その人気商品にお茶を練り込んだのが「月でひろった卵 小野茶味」。生地やクリームに使われたお茶がちゃんと生きてる!そこに小豆が加わって、和洋コラボレーションの絶妙バランスです。
宇部産のお茶が使われた“つきたま”は、宇部のお土産にもぴったりですね。

お茶の持つあらゆる魅力を伝えたい。今年オープン日本茶庭園カフェ「茶宗天地」。

お茶にまつわるスポットを目指し、今度は宇部線での電車旅。海を目指して岐波駅へ。
私が訪問した時にはまだオープンから1か月という新しいお店「茶宗天地(ちゃそうあめつち)」へ伺いました。

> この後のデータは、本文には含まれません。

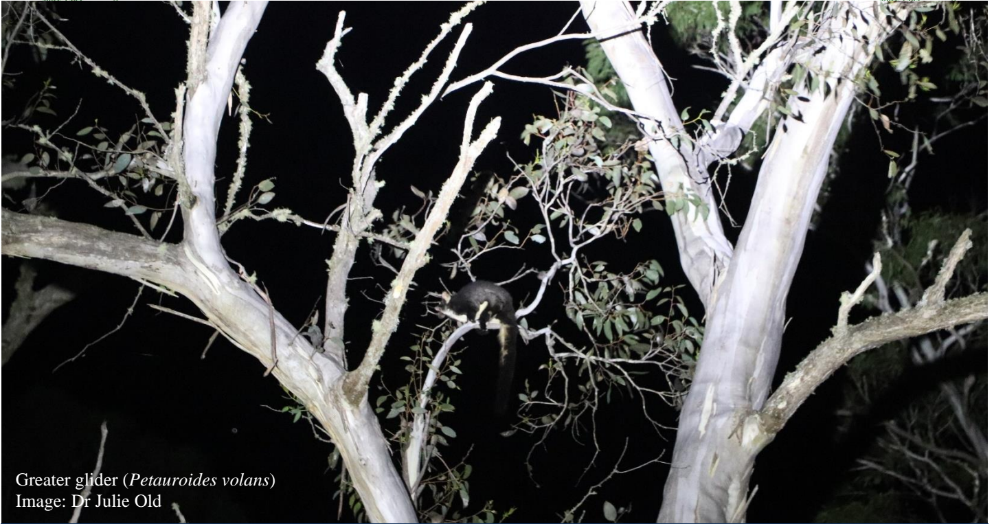
Greater glider ( Petauroides volans)

キワ・ラ・ビーチのすぐそばの、自宅を改装したお茶カフェ。日本茶に限らずアジアのお茶などもラインナップされたお茶は、店主の平中健也さんが全て自分で選んだものだということです。またオリジナルのブレンドティーなども用意されており、幅広いバリエーションとこだわりで、お茶好きも満足できる内容です。
平中さんは自身がお茶に癒された経験を持ち、そしてお茶の持つ力や魅力を伝える伝道師のような方。実際にこちらで過ごす間は、お茶を通して感じる空間や会話がとても温かく、時間を忘れるような感覚に包まれます。
宇部産のお茶を楽しみ充足感を感じながら、海辺のカフェを後にしました。